[What the task asks] Each line below from the one containing "图为小朋友体验月球漫步游戏。中新社记者 吕明 摄" through the one containing "- The Xenoblade" is to be given again exactly, and no line outside that span.

[Study material]
........

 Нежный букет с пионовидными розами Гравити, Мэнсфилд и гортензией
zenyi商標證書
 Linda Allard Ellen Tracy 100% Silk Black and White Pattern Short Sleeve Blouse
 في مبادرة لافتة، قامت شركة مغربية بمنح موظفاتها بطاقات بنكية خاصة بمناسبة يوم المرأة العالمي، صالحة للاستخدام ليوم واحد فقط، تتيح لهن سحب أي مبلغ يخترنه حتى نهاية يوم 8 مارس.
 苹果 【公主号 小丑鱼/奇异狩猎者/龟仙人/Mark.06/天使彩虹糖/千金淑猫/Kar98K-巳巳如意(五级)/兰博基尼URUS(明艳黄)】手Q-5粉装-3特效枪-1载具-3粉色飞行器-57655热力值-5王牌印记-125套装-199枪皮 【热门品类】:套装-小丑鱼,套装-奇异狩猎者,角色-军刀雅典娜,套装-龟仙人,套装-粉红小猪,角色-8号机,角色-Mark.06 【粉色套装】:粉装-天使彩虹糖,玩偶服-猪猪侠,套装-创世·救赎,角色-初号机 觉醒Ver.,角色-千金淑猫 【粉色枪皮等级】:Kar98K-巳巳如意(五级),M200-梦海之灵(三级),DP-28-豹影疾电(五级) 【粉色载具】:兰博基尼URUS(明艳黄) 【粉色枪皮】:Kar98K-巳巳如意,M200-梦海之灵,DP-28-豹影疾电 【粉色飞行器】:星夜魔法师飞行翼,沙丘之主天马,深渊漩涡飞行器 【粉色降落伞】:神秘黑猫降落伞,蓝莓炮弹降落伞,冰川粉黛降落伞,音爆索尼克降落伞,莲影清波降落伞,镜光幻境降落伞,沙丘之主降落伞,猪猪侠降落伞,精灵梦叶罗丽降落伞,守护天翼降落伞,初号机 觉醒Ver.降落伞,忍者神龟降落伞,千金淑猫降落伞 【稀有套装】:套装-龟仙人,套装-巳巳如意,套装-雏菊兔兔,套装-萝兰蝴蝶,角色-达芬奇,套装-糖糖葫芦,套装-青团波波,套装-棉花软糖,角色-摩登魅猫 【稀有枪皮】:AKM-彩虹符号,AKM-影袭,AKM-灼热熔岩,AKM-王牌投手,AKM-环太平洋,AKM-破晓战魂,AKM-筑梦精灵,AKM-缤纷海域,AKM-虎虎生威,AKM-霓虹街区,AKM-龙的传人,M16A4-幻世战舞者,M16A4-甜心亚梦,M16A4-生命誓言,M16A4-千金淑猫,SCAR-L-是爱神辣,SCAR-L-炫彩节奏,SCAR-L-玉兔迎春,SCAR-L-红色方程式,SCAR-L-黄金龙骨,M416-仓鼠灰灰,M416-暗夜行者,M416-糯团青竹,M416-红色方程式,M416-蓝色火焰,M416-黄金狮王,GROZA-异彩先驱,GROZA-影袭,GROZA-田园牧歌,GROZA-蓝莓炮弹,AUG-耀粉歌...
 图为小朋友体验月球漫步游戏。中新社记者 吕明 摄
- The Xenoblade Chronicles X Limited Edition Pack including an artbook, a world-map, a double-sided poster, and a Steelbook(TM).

........

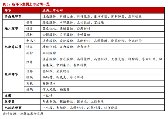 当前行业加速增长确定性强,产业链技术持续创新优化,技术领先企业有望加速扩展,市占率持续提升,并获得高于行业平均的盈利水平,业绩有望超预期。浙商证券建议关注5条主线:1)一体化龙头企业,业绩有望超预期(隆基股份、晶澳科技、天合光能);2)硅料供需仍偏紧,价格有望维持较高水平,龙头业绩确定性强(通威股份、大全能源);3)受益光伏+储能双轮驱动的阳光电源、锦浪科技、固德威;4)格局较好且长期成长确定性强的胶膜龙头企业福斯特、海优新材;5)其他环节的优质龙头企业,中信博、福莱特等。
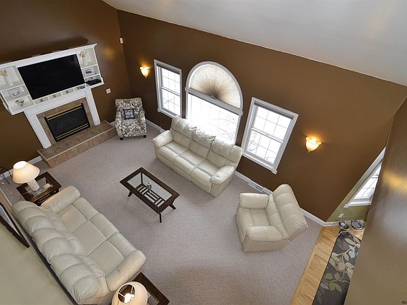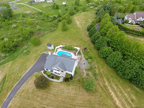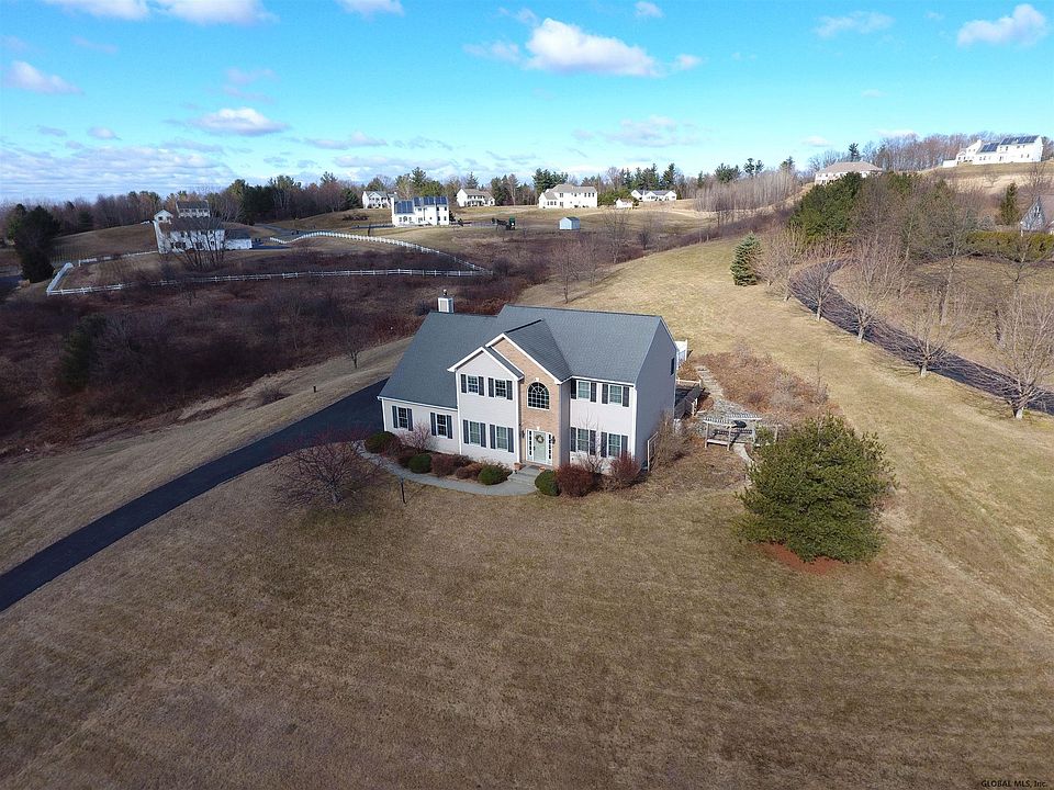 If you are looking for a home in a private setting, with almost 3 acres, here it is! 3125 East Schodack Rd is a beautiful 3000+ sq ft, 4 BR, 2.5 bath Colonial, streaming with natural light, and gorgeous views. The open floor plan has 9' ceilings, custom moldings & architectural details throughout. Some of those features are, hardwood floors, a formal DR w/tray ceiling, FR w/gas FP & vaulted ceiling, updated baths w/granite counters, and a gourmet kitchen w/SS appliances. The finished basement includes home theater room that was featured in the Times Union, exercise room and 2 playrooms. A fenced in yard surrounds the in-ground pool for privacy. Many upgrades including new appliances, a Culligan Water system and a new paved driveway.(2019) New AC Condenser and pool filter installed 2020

........

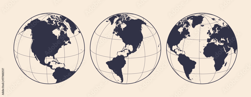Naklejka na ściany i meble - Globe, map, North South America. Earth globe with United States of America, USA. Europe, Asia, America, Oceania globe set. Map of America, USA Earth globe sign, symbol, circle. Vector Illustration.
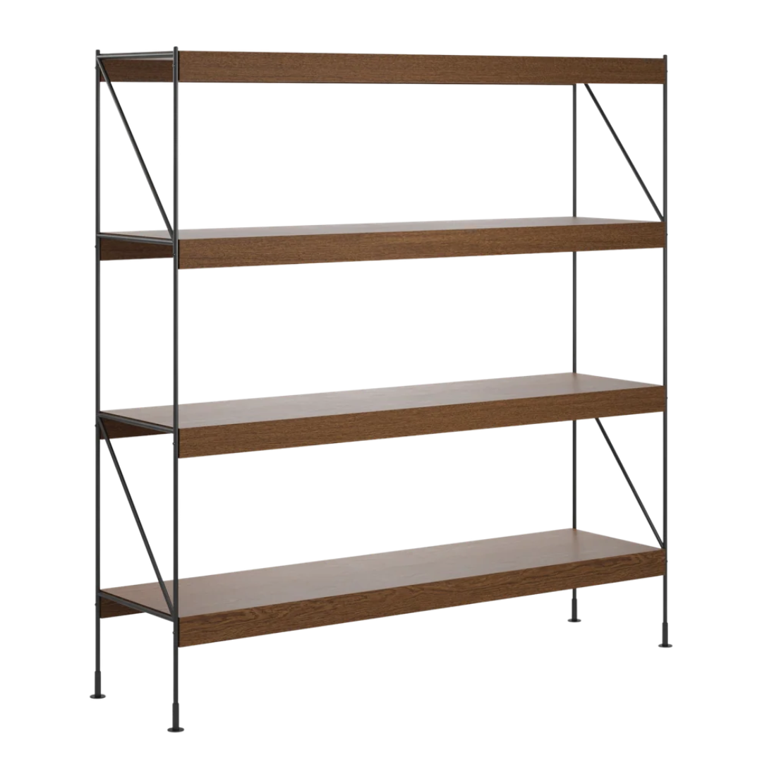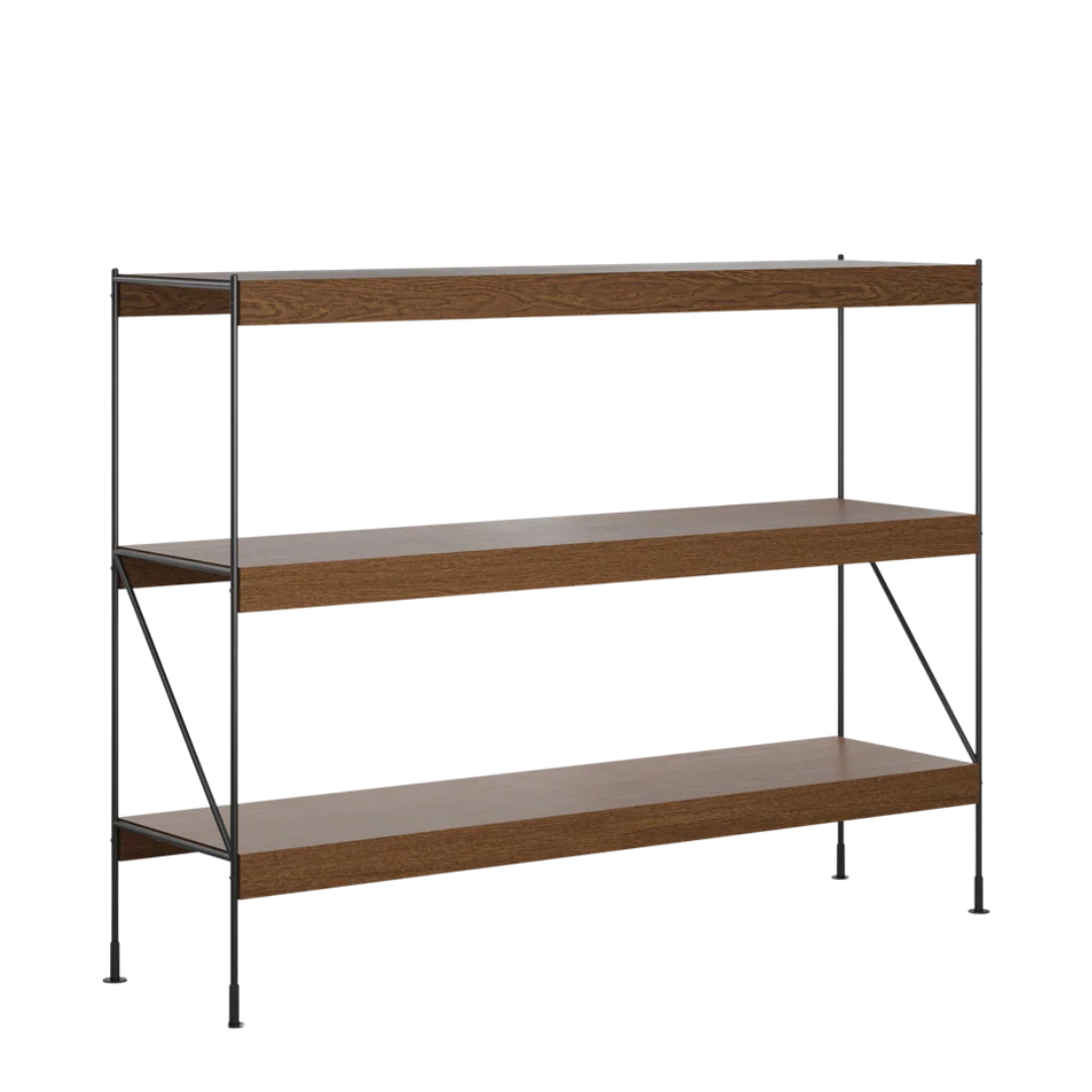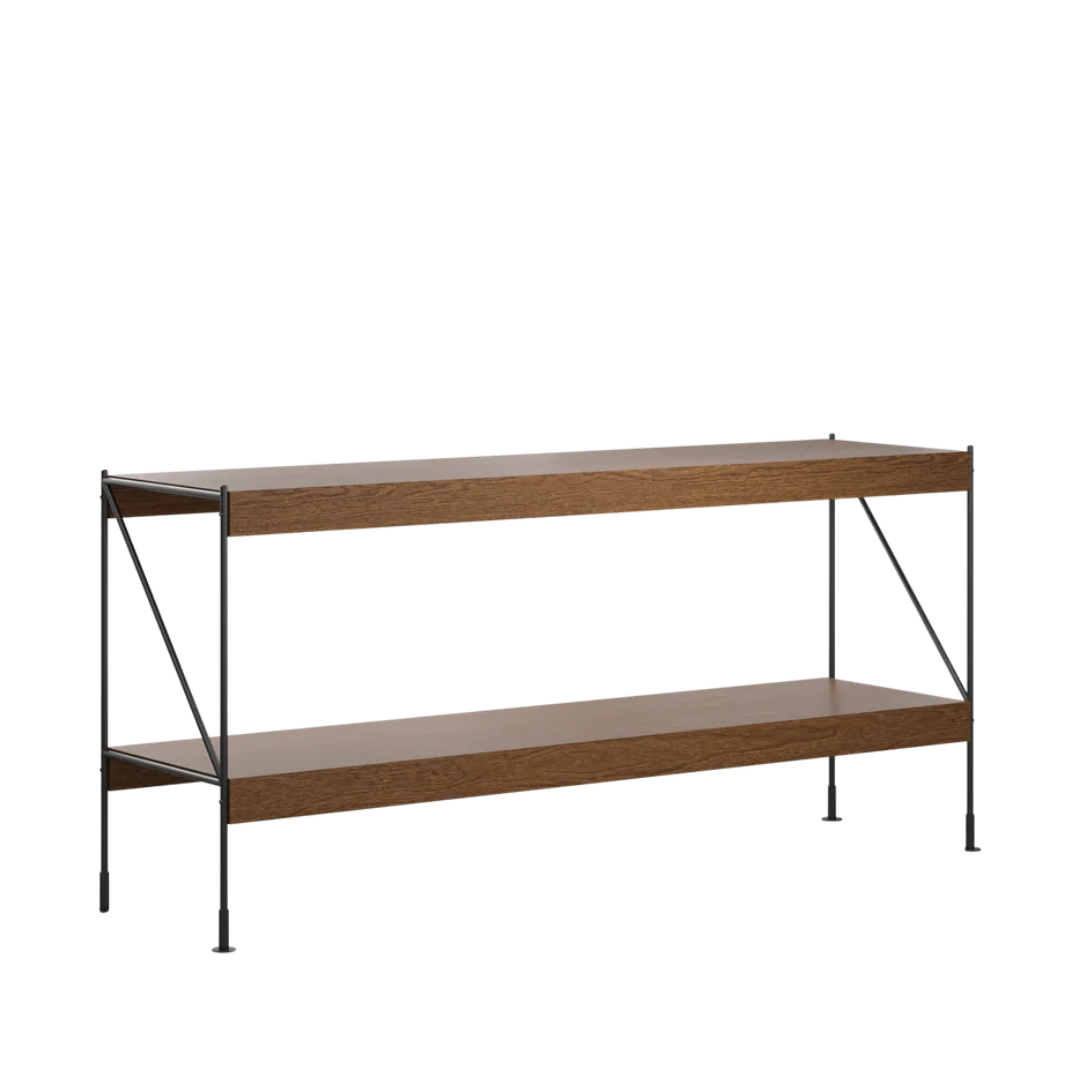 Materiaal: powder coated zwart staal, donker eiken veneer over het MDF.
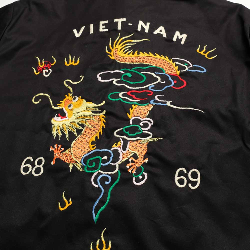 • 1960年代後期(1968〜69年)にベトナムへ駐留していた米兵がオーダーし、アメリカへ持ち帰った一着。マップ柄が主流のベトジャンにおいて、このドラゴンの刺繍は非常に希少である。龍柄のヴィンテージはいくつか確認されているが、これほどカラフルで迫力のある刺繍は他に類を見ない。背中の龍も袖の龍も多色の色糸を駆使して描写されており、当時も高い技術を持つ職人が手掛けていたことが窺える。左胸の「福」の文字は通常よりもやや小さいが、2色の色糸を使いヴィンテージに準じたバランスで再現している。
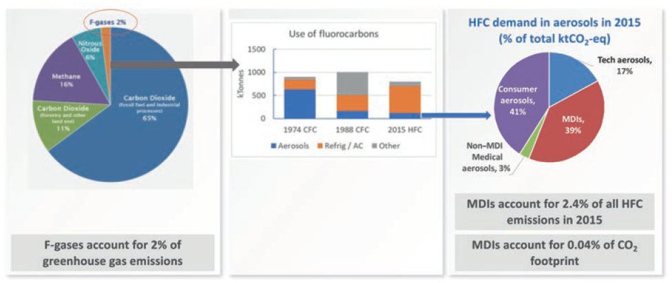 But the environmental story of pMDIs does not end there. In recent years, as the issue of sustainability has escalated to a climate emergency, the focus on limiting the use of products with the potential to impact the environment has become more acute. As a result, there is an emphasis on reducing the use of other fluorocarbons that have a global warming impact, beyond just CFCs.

........

[Exercise answer]
 图为小朋友体验月球漫步游戏。中新社记者 吕明 摄
- The Xenoblade Chronicles X Limited Edition Pack including an artbook, a world-map, a double-sided poster, and a Steelbook(TM).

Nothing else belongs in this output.